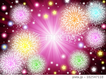 打ち上げ花火とカラフル星と爆発の赤い絵
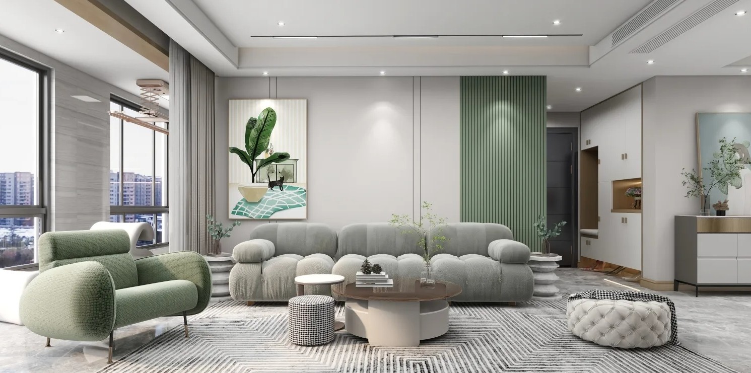 本案例《一荤一素》北欧风格134平方3房2厅3卫,以淡雅色系为主线,温柔实木色、清新自然绿再搭配雅致白饰面背景,为室内营造出舒适宜居的生活氛围,可以是窝在客厅的方块组合沙发里享受悠闲的午后,也可以是夜晚时分躺在柔软的床上安然入睡,在清新的家居环境里,不错过生活里的每一瞬幸福。
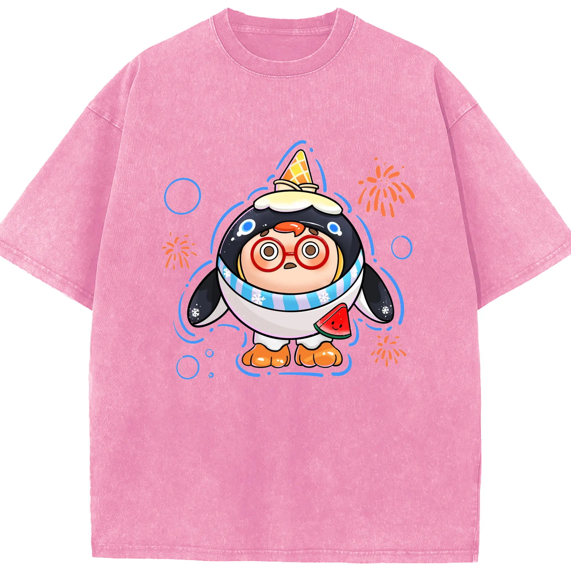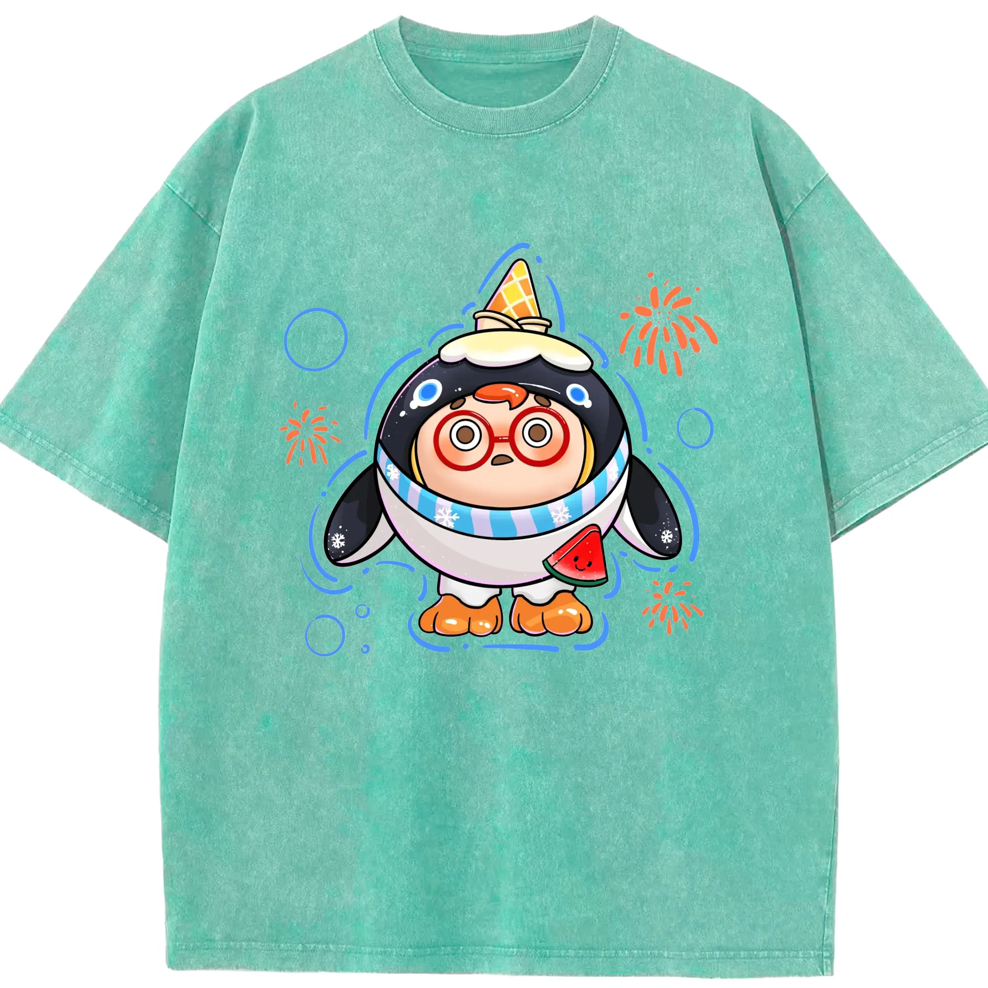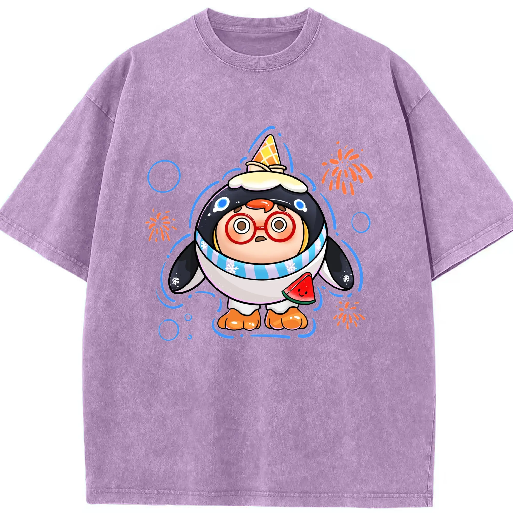 タマゴパーティー アイスクリームペンギン 限定 - 綿100% 半袖Tシャツ ・ フロントプリント ・ 快適 通気性 ・ 日常使い 散歩 スポーツ用

(TASK ITEM): Write the lines above out again exactly, without any of their pictures.

(TASK SOLUTION):
 打ち上げ花火とカラフル星と爆発の赤い絵
 本案例《一荤一素》北欧风格134平方3房2厅3卫,以淡雅色系为主线,温柔实木色、清新自然绿再搭配雅致白饰面背景,为室内营造出舒适宜居的生活氛围,可以是窝在客厅的方块组合沙发里享受悠闲的午后,也可以是夜晚时分躺在柔软的床上安然入睡,在清新的家居环境里,不错过生活里的每一瞬幸福。
 タマゴパーティー アイスクリームペンギン 限定 - 綿100% 半袖Tシャツ ・ フロントプリント ・ 快適 通気性 ・ 日常使い 散歩 スポーツ用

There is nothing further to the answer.